OFFTOPIC: physics question

\0xDynamite dreamingforward at
Fri May 17 10:54:03 PDT 2019

>>>> Sorry for this little diversion,
>>>> If light travels at a. different speed for different colors in order
>>>> to account for the rainbow of a prism, how fast is the. speed of light
>>>> then?
>>> The speed of light is a physical constant.  The frequency (or
>>> wavelength) of a photon determines its energy and therefore, to the
>>> human eye, its color.
>> If light's speed is a physical constant, then light wouldn't separate
>> into colors within a prism.
> Because light's speed is a physical constant, light separates into
> colors when passing through a prism.
> The higher the frequency of a photon, the higher its energy.  Since more
> energetic photons can not speed up, and less energetic photons can not
> slow down, they behave AS IF they had more or less 'mass.'

That's a fascinating view that I haven't heard proposed before.
You're proposing that they DO NOT change speed, as commonly explained.
The separated light would presumably lose mass, because it is now only
*part* of the original.

> Higher and lower energy photons deflect slightly more or less when
> forced to change direction in a refractive medium, in a way analogous to
> heavier and lighter moving objects acted on by, for instance, the wind...

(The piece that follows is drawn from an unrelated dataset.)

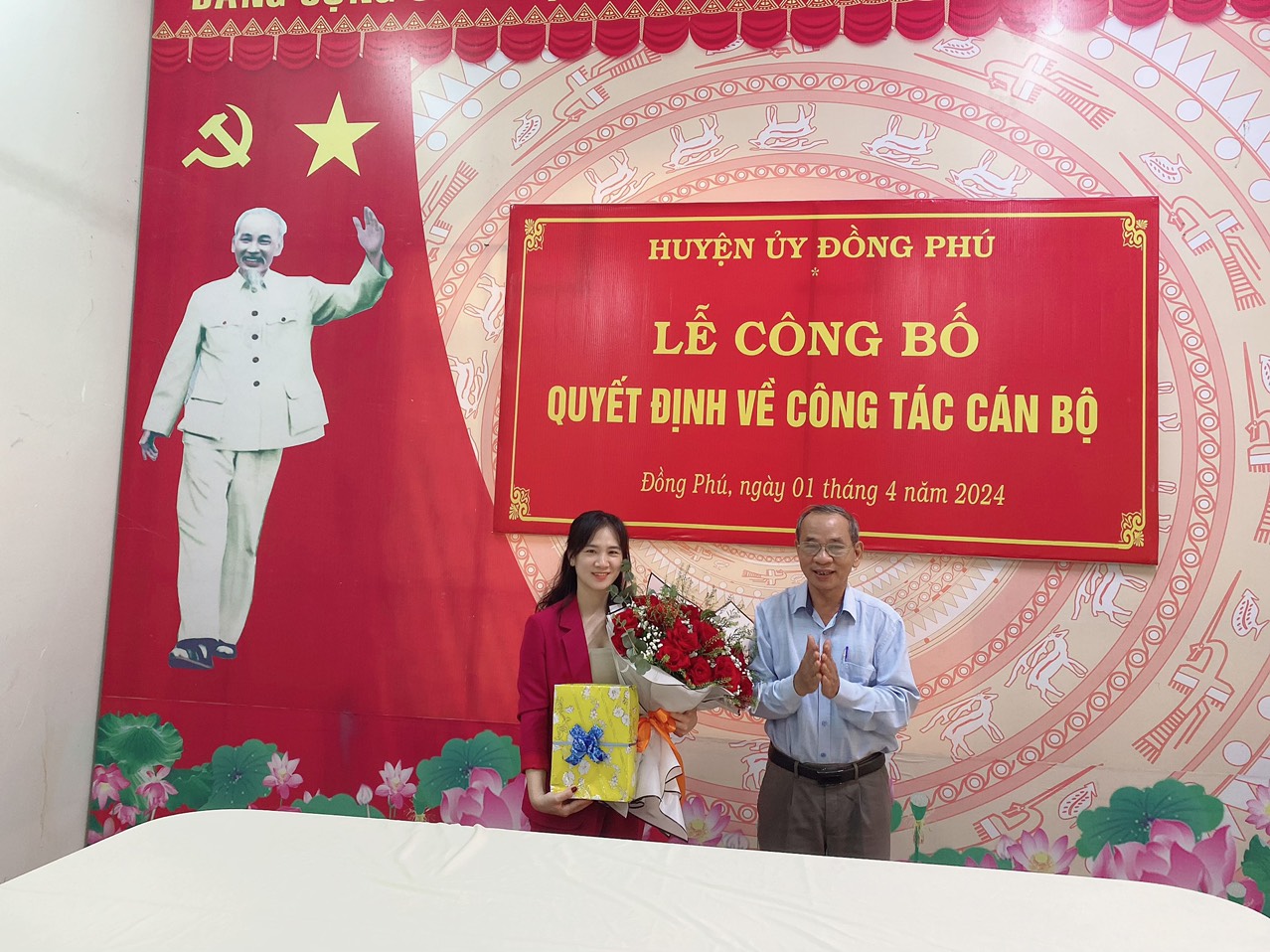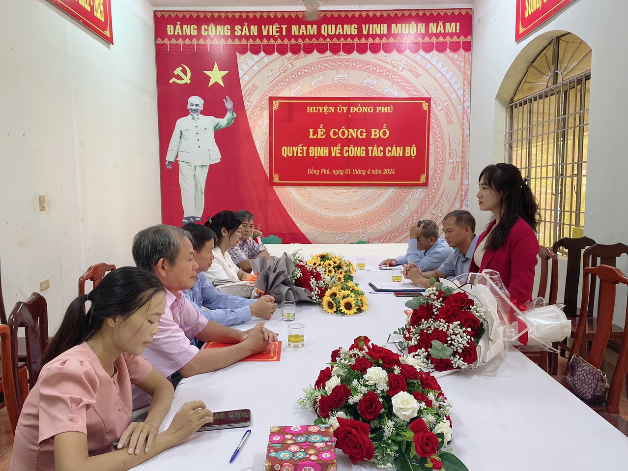 Tại buổi lễ, Ban Tổ chức Huyện ủy thông qua Quyết định về việc cán bộ nghỉ hưu trước tuổi đối với đồng chí Lưu Văn Thìn, Huyện ủy viên, Phó chủ tịch UBMTTQ huyện. Theo đó, đồng chí Lưu Văn Thìn được nghỉ hưu trước tuổi để hưởng chế độ BHXH từ ngày 1/4/2024. Đồng thời thông qua Quyết định về việc điều động đồng chí Nguyễn Thị Vân Anh, Huyện ủy viên, Phó trưởng Ban tổ chức Huyện ủy đến nhận công tác tại Ủy ban MTTQ huyện kể từ ngày1/4/2024 để giới thiệu hiệp thương giữ chức Phó Chủ tịch Ủy ban MMTQ huyện nhiệm kỳ 2019-2024.

That's a more parsimonious explanation -- that they have more or less
energy, not speed.  But I think, in fact, that this is where there is
a tradeoff in the energy vs. information/data equation of the
universe.  Information (or data) is the opposite side of energy.
Color is data, more than illumination (at least in a rainbow, where it
is questionable whether it would illuminate anything).

I think you answered part of my question, which was partly didactic to
force science to get more rigor in its explanation.  I think I will
have to content myself with this because I know that rainbows and the
sky being blue will NEVER be explainable by science.